Preparation of tFNAs
The DNA sequences S1, S2, S3, and S4 used to construct the tFNAs were selected based on their demonstrated efficacy in previous studies [11, 14, 15], having been validated to form stable, biocompatible structures capable of effectively penetrating neuronal PC12 cells, reducing oxidative stress, and inhibiting apoptosis. The single-stranded DNAs (ssDNAs) sequences (listed in Table S1) were synthesized by Sangon Biotech (Shanghai, China), and tFNAs were constructed following established protocols [15, 16]. In brief, four ssDNA strands (each at 100 µM) were mixed in TM buffer (10 mM Tris-HCl, 50 mM MgCl2, pH 8.0) and denatured at 95 °C for 10 min. The mixture was then rapidly cooled to 4 °C and maintained at this temperature for 20 min using a T100 thermal cycler (Bio-Rad, CA, USA) to facilitate proper folding and assembly. The successful synthesis and structural integrity of the tFNAs were confirmed using several characterization techniques. Images of tFNAs were obtained with the Benyuan CSPM5500 atomic force microscope (AFM) (Guangzhou, China) after pre-treating the mica plate with poly-L-lysine and incubating a 50 pM tFNAs solution on the mica surface for 30 min. The zeta potential of tFNAs was measured using a Malvern Zetasizer Nano-ZS90 nanoparticle analyzer (Worcestershire, UK) at a concentration of 100 pM in a 1 mL electrode cell. Additionally, polyacrylamide gel electrophoresis (PAGE) was performed to characterize the molecular size of tFNAs.
Cell viability analysis
Cell viability was assessed using CCK-8 reagent (Dojindo Laboratory, Japan). Briefly, cells were seeded into 96-well plates and cultured under conditions specified by the experimental design. Subsequently, 100 µL of CCK-8 reagent was added and incubated for 30 min at 37 ℃. The optical density (OD) at 450 nm was then measured to determine cell viability.

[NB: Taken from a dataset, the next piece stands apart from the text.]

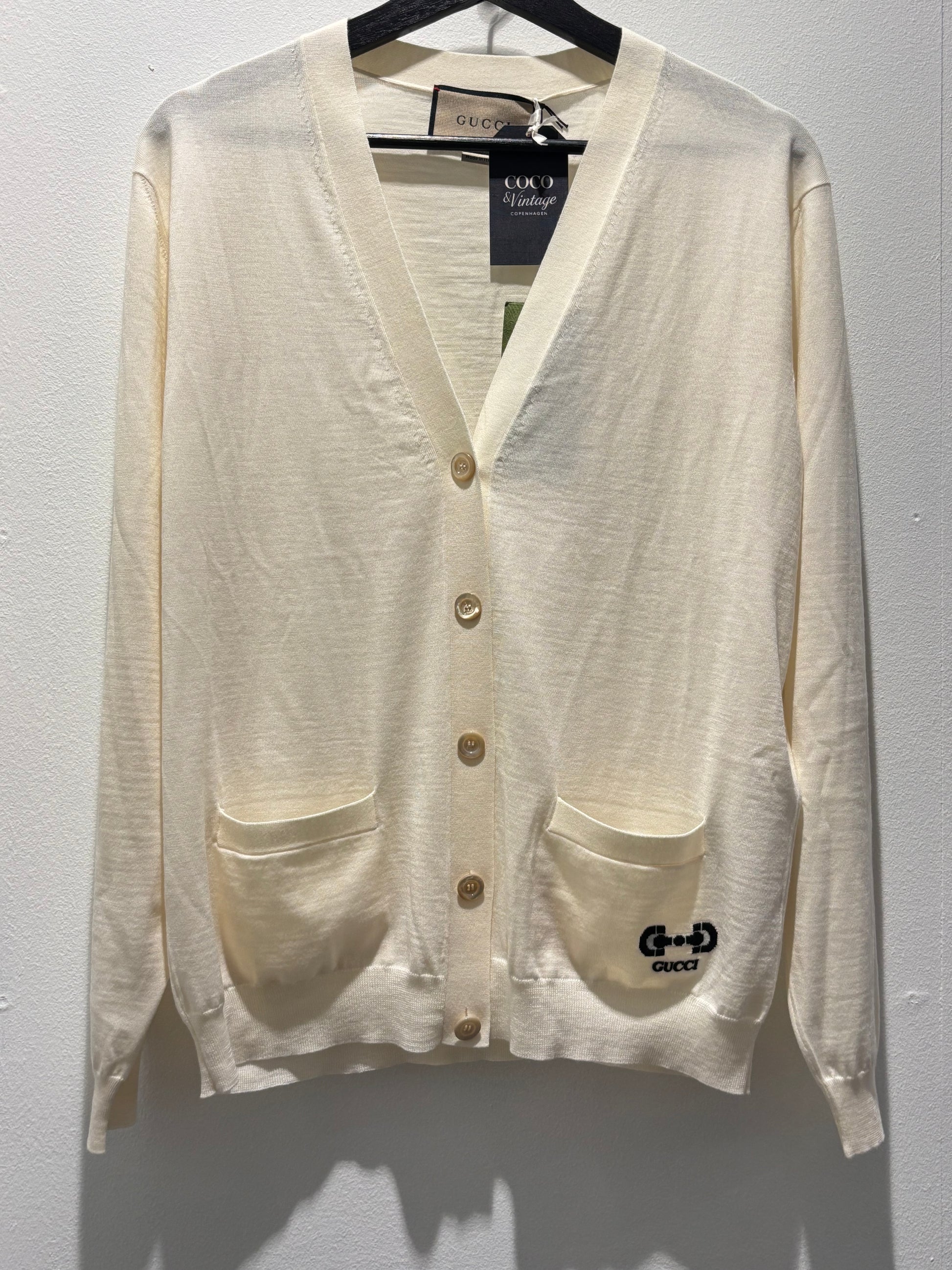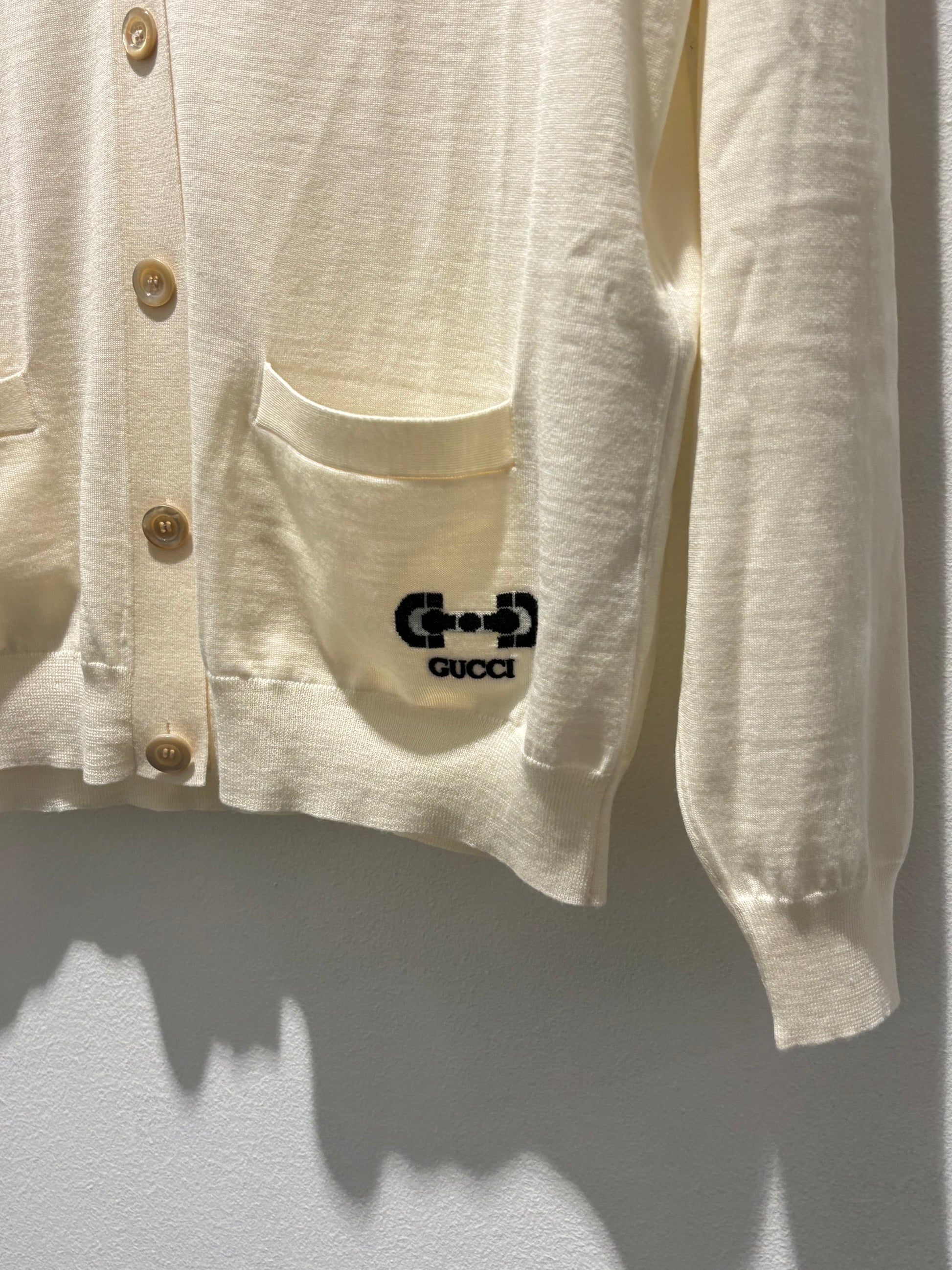 A refined and elegant cardigan from one of Gucci’s newer collections — a design that is both timeless and increasingly hard to find. Made from a soft, lightweight wool blend, perfect for year-round wear: airy and comfortable on warmer days, yet warm enough for cooler evenings. The beautiful ivory/White tone gives a classic and versatile expression, while the signature embroidered Gucci logo on the pocket and the discreet horsebit detail along the hem add a touch of iconic sophistication.

Lipid peroxidation analysis
BODIPY 581/591 C11 (Lipid Peroxidation Sensor) (Invitrogen, USA) was employed to detect ROS in cells seeded in 12-well plates. Cells were incubated with 10 µM Lipid Peroxidation Sensor for 30 min at 37 ℃ in complete growth medium. Following incubation, cells were washed with PBS, and flow cytometry was conducted using FACS analysis (FACScan; BD Biosciences, USA) to capture fluorescent images and quantify the mean fluorescence intensity with FlowJo 10.8 software. Data were collected from a minimum of 20,000 cells.

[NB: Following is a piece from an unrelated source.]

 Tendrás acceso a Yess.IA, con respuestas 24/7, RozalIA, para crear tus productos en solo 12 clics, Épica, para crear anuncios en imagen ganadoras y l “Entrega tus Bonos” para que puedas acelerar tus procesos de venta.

Measurement of MDA, GSH, and LDH levels
Measurement of MDA
Cellular lipid peroxidation was examined with a Lipid Peroxidation MDA Assay Kit (Beyotime, Shanghai, China). The relative levels were determined by measuring the optical density values at 531 nm using a microplate reader. The concentrations corresponding to each OD value were calculated and expressed in terms of µmol/mg protein.
Measurement of GSH/GSSG ratio
The intracellular levels of GSH and glutathione disulphide (GSSG) were assessed with a GSH Kit (Beyotime, Shanghai, China). The relative levels were analyzed using a microplate reader.
Measurement of LDH
LDH leakage was detected using an LDH cytotoxicity detection kit (Beyotime, Shanghai, China). The relative levels of LDH were quantified by recording the OD values at 490 nm with a microplate reader.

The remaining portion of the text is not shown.